Клэй завел двигатель и опустил паруса. Когда они складывали огромный парус, он сказал Бернадетт, что ей следует спрятаться в тайнике, который Говард приготовил для них обоих.
– Это не займет много времени, – успокоил он Бернадетт, заметив в ее глазах отсвет былого страха. – Как только таможенники уйдут с яхты, ты сможешь выйти. Я оставил там запас воды на случай, если они задержатся. Вот увидишь, до чего будет здорово выйти в город после всего этого. Сегодня вечером приглашаю тебя поужинать.
По радио Клэй представился портовым службам. Яхта находилась как раз в центре залива, проходя мимо пришвартованных гигантских сухогрузов, прогулочных судов, трудяг-паромов и древних джонок, изящно скользивших по фарватеру. Когда они достигли середины залива, огни Гонконга и Коулуня слились в многоцветной симфонии. Клэй, обняв одной рукой Бернадетт, стоял у штурвала. Они следовали курсом, который указывал им голос англичанина, находившегося где-то вдалеке.

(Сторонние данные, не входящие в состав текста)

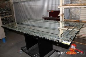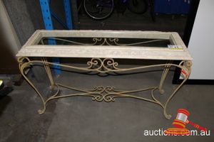 STONE LOOK GLASS INSERT HALL TABLE WROUGHT IRON LEGS 1270 X 410 X 740MM
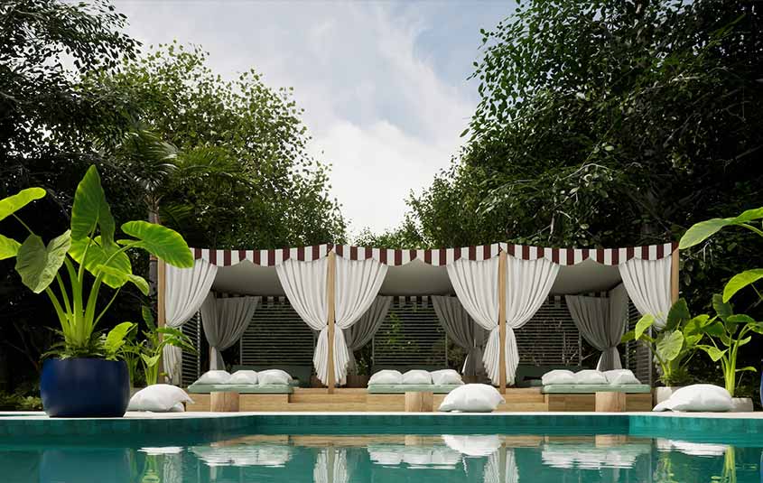 - Cabanas by the swimming pool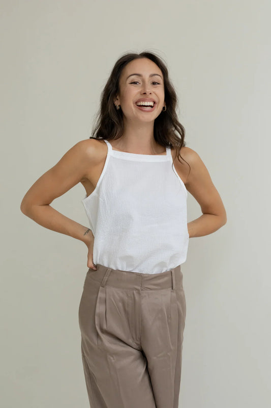 Deze lichtgewicht top gemaakt van organisch katoen is zeer licht en comfortabel op de huid. De top is gemaakt van seersucker en heeft een lichte textuur. Het geeft je een lichte, zomerse uitstraling en is een absolute must-have voor elke garderobe. Met deze mouwloze witte katoenen top, je hebben het perfecte stuk voor jouw capsule garderobe.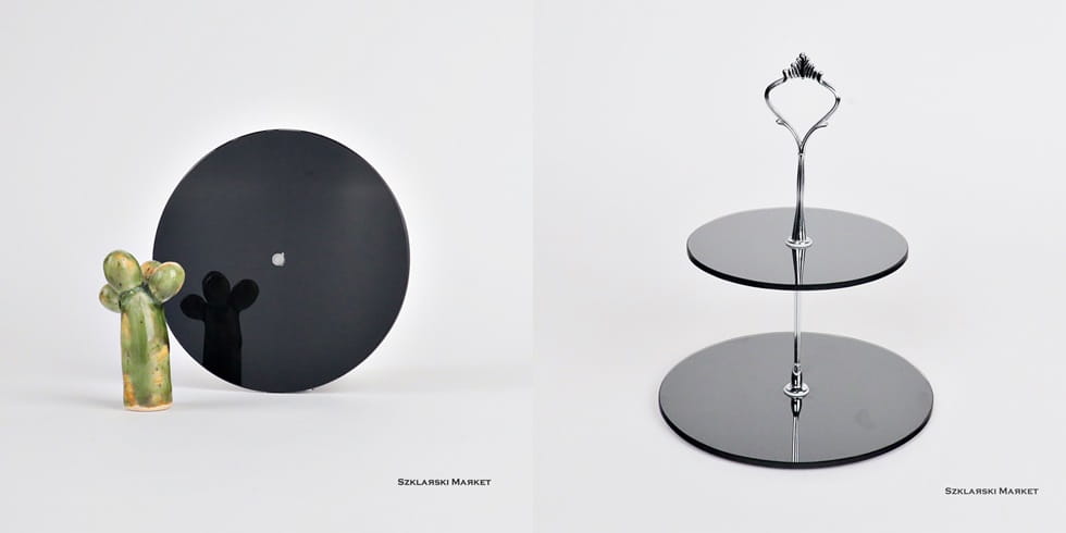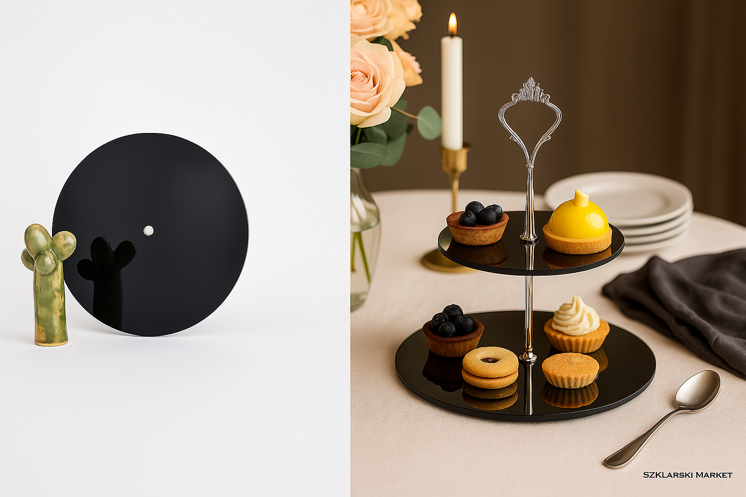 zastosowanie: szkło czarne do pater szklanych, szkło do pater dwu i trzy poziomowych oraz pojedynczych etażerek, do serwowania wypieków, owoców, przekąsek i słodyczy, dekoracja stołu, ozdoba stołu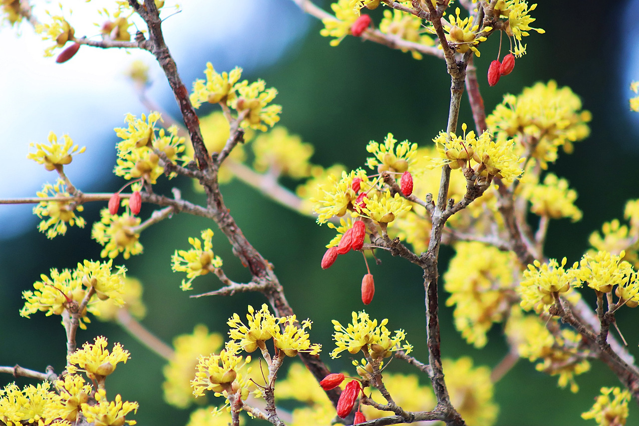 꽃은 3~4월에 양성화로 가지마다 산형꽃차례로 3~5개

Была почти полночь, когда Клэй пришвартовался к отведенной ему стоянке. Он заранее выбросил за борт все оружие и свою военную форму. Поскольку ничего недозволенного на яхте не оказалось, измотанный таможенник быстро завершил осмотр. Молодой сотрудник иммиграционной службы – китаец, на котором ловко сидела черная английская форма, – не моргнув глазом шлепнул штамп в паспорте Говарда. Таким образом было получено разрешение на двухмесячное пребывание в британской колонии.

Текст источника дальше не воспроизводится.